In: Statistics and Probability
A quality control manager suspects that the quality of items that are manufactured on a Monday is better than that of items manufactured on a Wednesday. In a random sample of 400 items manufactured on a Monday, 370 were rated acceptable or better, and in a random sample of 300 items manufactured on Wednesday, 260 were rated as acceptable or better. Can you conclude that the true proportion of items rated acceptable or better is greater on Monday than on Wednesday? Use a significance level of 5%. Assume the items produced on different days are independent. Use p-value method. The data are summarized in the following contingency table. (19 points total)
Acceptable or Better |
Not Acceptable |
|
Monday |
370 |
30 |
Wednesday |
260 |
40 |
Label the parameters: (3 points)
State null and alternative hypotheses in parameters notation: (2 points)
H0:
Ha:
Propose an appropriate hypothesis test: (2 points)
Verify the required conditions for the proposed hypothesis test: (4 points)
Independence and randomization assumption:
Normality assumption:
Report a test statistic and p-value: (4 points)
Test statistic =
p-value =
Note: Attach R codes and outputs in the following space:
Make a decision of hypothesis test: (2 points)
The significant p-value is less than 0.05 and so reject the null hypothesis at α = 0.05.

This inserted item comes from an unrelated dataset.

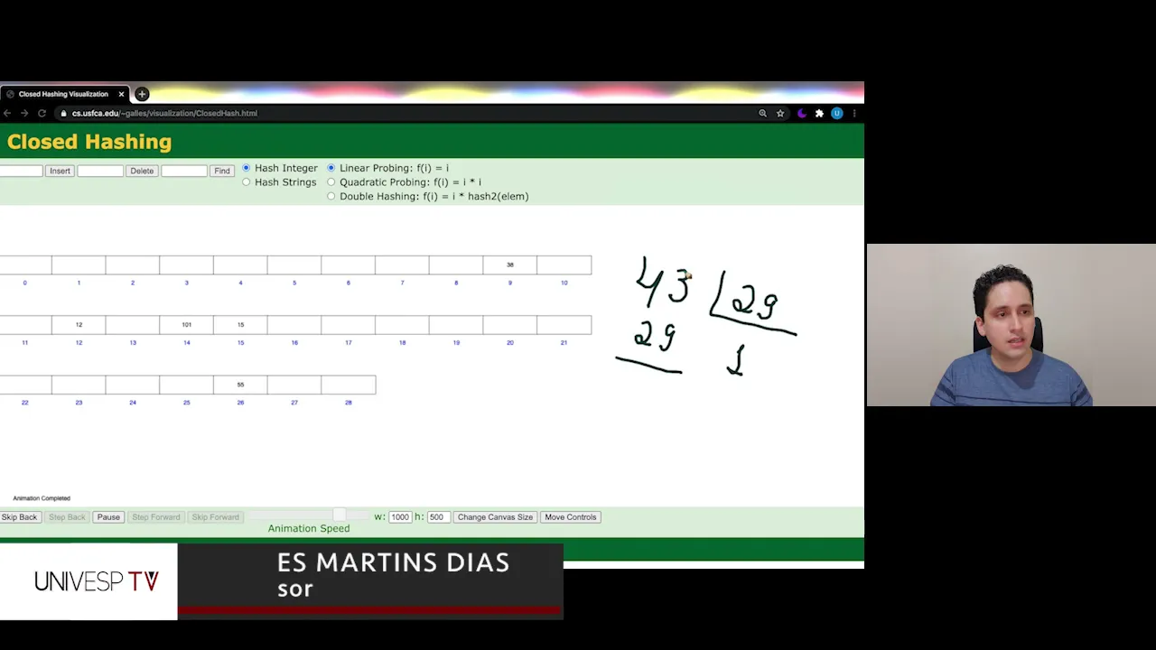 gente viu na parte teórica Eu recomendo que você fique brincando aqui um pouquinho mais com essa ferramenta até você ficar acostumado aí com a teoria e acostumado a ver o vetor interno sendo preenchido o vetor interno sendo remover remover elementos e também dá um faz colocar um faz aqui no 44 ele procura na posição 15 depois na posição 16 e depois ele encontram 44 na posição em 17 se eu procurar agora o elemento por exemplo o elemento 16 ele vai procurar nessa posição aqui não vai encontrar ele vai procurar nessa posição aqui não vai encontrar

Make a conclusion of hypothesis test in context: (2 points)
p1 : proportion of item rated acceptable on Monday
p2 : proportion of item rated acceptable on Wednesday
H0 : proportion of item rated acceptable on Monday is equal as item rated acceptable on wednesday
against
H1 : proportion of item rated acceptable on Monday is greater than wednesday
H0 : p1=p2. Vs. H1 : p1>p2
Or
H0 : p1-p2=0. Vs. H1 : p1-p2>0
Assumptions
1) Both samples of item are manufactured on different days therefore both samples are Independent and random ..
2) sample sizes are 400 and 300 which is greater than 30 therefore normality assumption verified
Test Statistic :
n1 =400 , n2=300, p1=370/400 = 0.925, p2=260/300 = 0.867
p=(370+260)/(400+300) = 0.9, 1-p= 0.1,
1/n1=1/400=0.0025, 1/n2=1/300= 0.0033
Z=(0.925-0.867)/sqrt(0.9*0.1*(0.0025+0.0033))
Z= 0.058/0.02284
Z=2.5394
let calculate p-value = 0.005703
from above we can see that p value is less than 0.05
therefore we reject H0
Conclusion : proportion of item rated acceptable on Monday is greater than on Wednesday i.e items manufactured on Monday is better than items manufactured on Wednesday.